MEAA’s equity director, Michelle Rae, said the action was needed to ensure that the future pay of dancers, who experience a comparatively short career, is not eroded by rising living costs.
“Dancers regret that this action is necessary and the disruption it will cause to enjoyment of Friday night’s performance, but they want the ballet audience to be aware of how management is trying to cut their future pay,” Rae said in a statement.
“The Australian Ballet’s management can avoid the delay to the beginning of the performance by returning to the negotiating table with an improved offer for our members.”
Dancers have rejected the company’s offer of a 1% pay rise for the remainder of 2023, after receiving a 4.3% retrospective “top-up” increase in February – a pay rise that is required under the terms of the previous agreement, to account for inflation in 2022 that peaked at more than 7%.
As reported in the Guardian on 8 June, 91% of dancers voted to commence industrial action earlier this year, after negotiations which began with management last September reached a stalemate.
Dancers speaking anonymously told Guardian Australia they felt management had not acted in good faith, given they had agreed to a pay cut of 20% and then 50%, as theatres across the country were forced to close due to Covid-19. The dancers then agreed to a pay freeze for the remainder of 2021.

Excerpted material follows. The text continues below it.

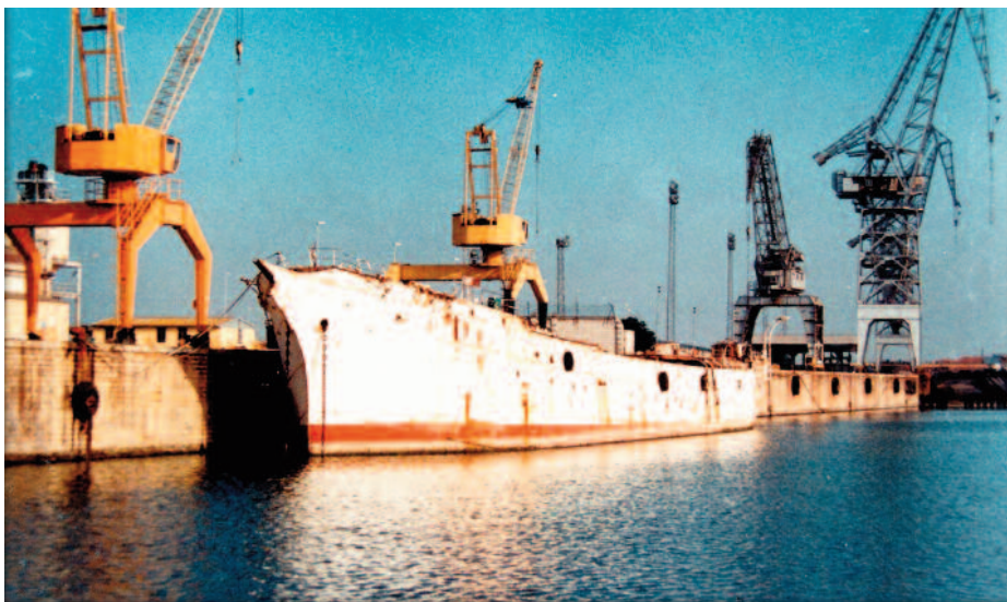
El Galatea en Sevilla, mayo 1993

Sin financiación, con ninguna idea cerrada sobre su uso y sin ni siquiera haber acordado su ubicación (39), el Patronato buscó otras fórmulas para salvar al Galatea . Ya lo decía el propio presidente de la Diputación de Sevilla, Manuel del Valle, antes de que el buque llegara: «No basta decir que sí; hay que tener voluntad de hacer aportaciones concretas» (40).

The company told Guardian Australia the 50% pay cut was for only a short period of time and in May 2020 it assisted 10 dancers who were suffering financial hardship with an average payment of $5,495 each.
Earlier this month, the company told the Guardian that dancers’ pay packets in 2023 would still be 5.3% higher than last year, taking into account the 4.3% top up already paid in February.
The MEAA said including the 4.3% top up as part of the 2023 pay rise was “misleading”.
Guardian Australia has sought comment from the Australian Ballet.